Le résultat de cette absence d’engagement se voit dans les difficultés des secteurs porteurs de l’économie du Grand Montréal, comme les compagnies pharmaceutiques, le multimédia et l’aéronautique.

L’industrie pharmaceutique montréalaise est en plein démantèlement, alors qu’un coup de pouce lui aurait permis de se démarquer à l’échelle nord-américaine et de constituer un pivot entre les pharmaceutiques suisses et le marché nord-américain.

Un accord Canada-Europe bien négocié aurait pu profiter à plusieurs secteurs de pointe de notre métropole, le Québec étant bien positionné comme intermédiaire entre les économies européenne et nord-américaine.

Lorsqu’il est question d’aider le secteur aéronautique montréalais, Ottawa fait pression pour disperser les emplois à travers les villes canadiennes. C’est l’Ontario qui rafle la part du lion du programme de subventions fédérales versées à ce secteur.

Cela contribue indirectement à affaiblir la grappe aéronautique du Grand Montréal, troisième pôle mondiale de ce secteur, après Seattle avec Boeing et Toulouse avec Airbus. Cela explique la lenteur et le peu d’enthousiasme à répondre à la demande de crédit pour Bombardier.

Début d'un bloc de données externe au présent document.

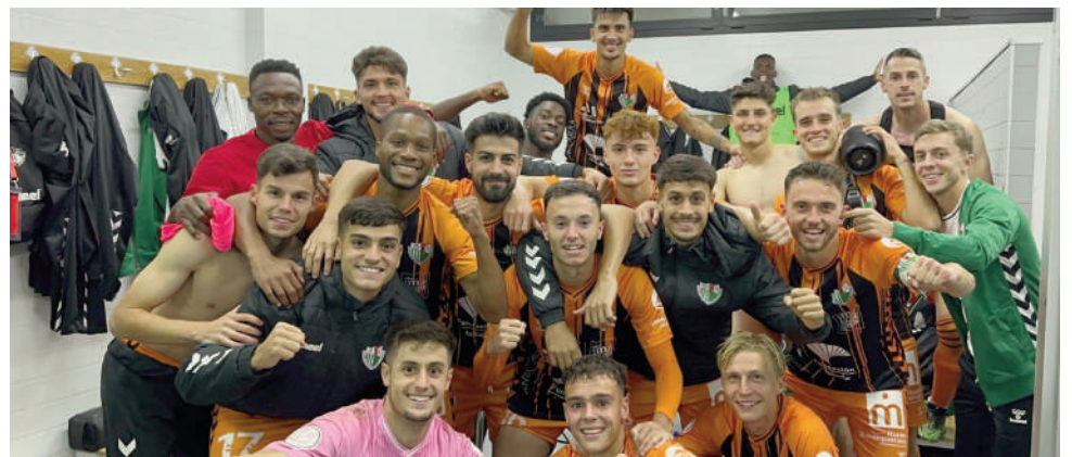
Celebrando la victoria. VIVA

De esta forma, el Antequera CF disputará la siguiente ronda con un equipo de Primera o Segunda División. El sorteo se realizará el martes 7 de noviembre.

Ottawa ne daigne même pas faire respecter sa propre loi concernant le maintien de l’entretien des avions d’Air Canada par Aveos. Aucune réaction n’a été exprimée suite aux mises à pied de Bell Helicopter, CAE et Bombardier.

Aucun engagement non plus pour garantir le maintien du siège social de Rona à Boucherville, advenant sa vente, un pouvoir d’intervention que détient pourtant Ottawa et non Québec.

Ce sont 2 000 emplois de qualité qui dépendent directement du siège social de Rona. Presque la moitié des achats de l’entreprise sont effectués auprès de fournisseurs québécois. Les relations de ces derniers deviendront nettement plus difficiles, s’ils doivent négocier avec le géant Lowe’s, dont le siège social est situé dans le sud des États-Unis.

Alors que le Grand Montréal est la capitale canadienne du chômage, le programme d’assurance-emploi ne fonctionne plus. À force d’avoir été charcuté, moins de quatre travailleurs sur dix qui perdent leur emploi ont aujourd’hui accès à ce programme.

Ottawa, qui s’est croisé les bras devant le démantèlement de la Bourse de Montréal au profit de celle de Toronto, s’active à faire disparaître l’Autorité des marchés financiers du Québec au profit de Bay Street.

Tant que le Québec demeurera une province canadienne, Montréal sera condamnée à voir son rôle de pôle économique s'éroder. C’était, il y a plus de 30 ans, l’analyse de l’urbaniste torontoise Jane Jacobs. Les événements lui ont donné raison.

Face à ce désengagement du gouvernement fédéral quant au développement de notre métropole et de toute l’économie du Québec, la péréquation représente un bien pauvre prix de consolation. Il en est de même du programme des infrastructures du gouvernement Trudeau. Des prix de consolation largement payés par les impôts que nous versons à Ottawa!

Tant que le Québec demeurera au sein de la fédération canadienne, il sera condamné à être privé des outils dont dispose l’État central pour développer l’économie en fonction des intérêts du Canada anglais. S’ensuit pour le Québec un combat à armes inégales pour se tailler une place dans l’économie mondialisée.